For starters L just means that the type is a long int. This shouldn't be an issue. You'll have to give additional information about your problem though since I cannot reproduce it with a simple test case:
In [1]: import numpy as np
In [2]: a = np.arange(12).reshape((4,3))
In [3]: a
Out[3]:
array([[ 0, 1, 2],
[ 3, 4, 5],
[ 6, 7, 8],
[ 9, 10, 11]])
In [4]: a.T #same as np.transpose(a)
Out[4]:
array([[ 0, 3, 6, 9],
[ 1, 4, 7, 10],
[ 2, 5, 8, 11]])
In [5]: a.shape
Out[5]: (4, 3)
In [6]: np.transpose(a).shape
Out[6]: (3, 4)
There is likely something subtle going on with your particular case which is causing problems. Can you post the contents of the file that you're reading into x?

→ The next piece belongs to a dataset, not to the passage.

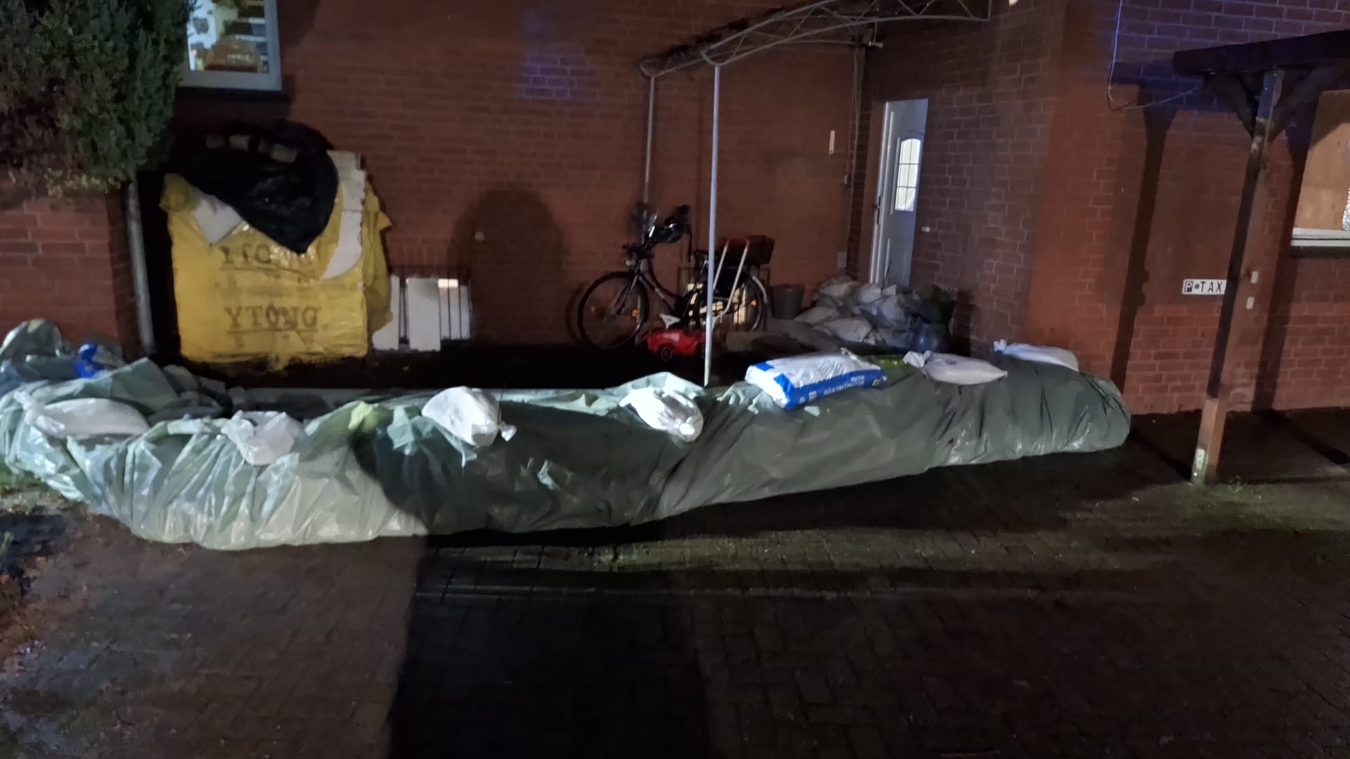 Umgehend wurde das Haus mit Sandsäcken und Folie vor dem Wasser geschützt.

This is either the inner or outer product of the two vectors, depending on the orientation you assign to them. Here is how to calculate either without changing x.
import numpy
x = numpy.array([1, 2, 3])
inner = x.dot(x)
outer = numpy.outer(x, x)
The file 'myfile.txt' contain lines such as
5.100000 3.500000 1.400000 0.200000 1
4.900000 3.000000 1.400000 0.200000 1
Here is the code I run:
import numpy as np
data = np.loadtxt('iris.txt')
x = data[1,:]
print x.shape
print np.transpose(x).shape
print x*np.transpose(x)
print np.transpose(x)*x
And I get as a result
(5L,)
(5L,)
[ 24.01 9. 1.96 0.04 1. ]
[ 24.01 9. 1.96 0.04 1. ]
I would be expecting one of the two last result to be a scalar instead of a vector, because x^T.x (or x.x^T) should give a scalar.
b = np.array([1, 2, 2])
print(b)
print(np.transpose([b]))
print("rows, cols: ", b.shape)
print("rows, cols: ", np.transpose([b]).shape)
Results in
[1 2 2]
[[1]
[2]
[2]]
rows, cols: (3,)
rows, cols: (3, 1)
Here (3,) can be thought as "(3, 0)".
However if you want the transpose of a matrix A, np.transpose(A) is the solution. Shortly, [] converts a vector to a matrix, a matrix to a higher dimension tensor.